Bu arada, Southwest ve JetBlue'nun daha büyük rakipleri, sauropod eşdeğerlerinin Kretase döneminde yaptığı her şeye kereste, düşme, uyum sağlama ve esasen paralel olmaya devam ediyor. Örneğin United sendika işçiliğine şaşırtıcı miktarlar harcıyor ve tesadüfen değil, 2012'de 723 milyon dolar kaybetti.

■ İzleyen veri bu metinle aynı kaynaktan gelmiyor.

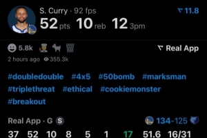 本场比赛,库里出战36分钟,31投16中,三分20中12,罚球8中8,狂轰52分10板8助5断1帽。
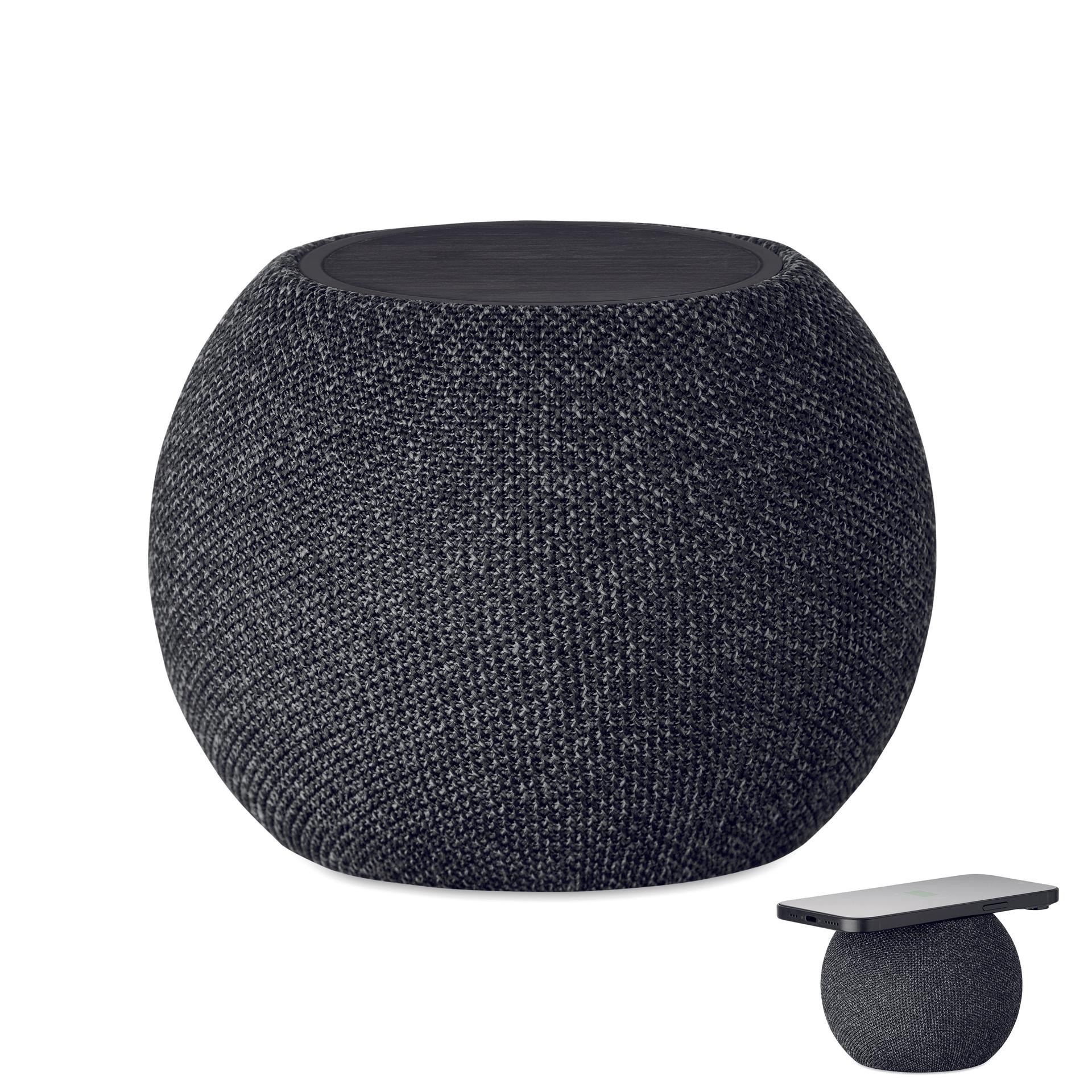 Haut-parleur 5.0 sans fil 0 et charge sans fil 15W en ABS et tissu RPET avec détails en bambou noir. 1 Batterie rechargeable Li-ION 1200 mAh incluse. Comprend un port pour carte S...

Ancak bazı eski havayolları sonunda bunu anlıyor. 2013 Delta için çok kârlı bir yıl oldu, çünkü şirket 38 milyar dolarlık satışlarda 11 milyar dolar kazanmıştı. Delta borcunu ödedi, temettü dağıtmaya başladı ve iflas başvurusunda bulunduktan sekiz yıl sonra Standard & Poor's 500'e tekrar katıldı. Bu, Delta'nın JetBlue'nun kârlı olanları kadar art arda kaybettiği yıllar biriktirdiği 2000'li yılların ortalarından çok farklı bir şey.
Alt çizgi
Havayolu endüstrisi onlarca yıllık büyüme ve konsolidasyondan sonra bile derin bir değişime maruz kalıyor. İnsanlık sadece bir sonraki ulaşım atılımını geliştirmekle kalmaz, aynı zamanda ticari olarak uygulanabilir hale gelene kadar, hareketi, dalgalanmayı ve maliyetleri düşük tutarken geliri nasıl en üst düzeye çıkaracağını bilen akıllı taşıyıcılar, bazı karlılık da görmeye devam edeceğiz.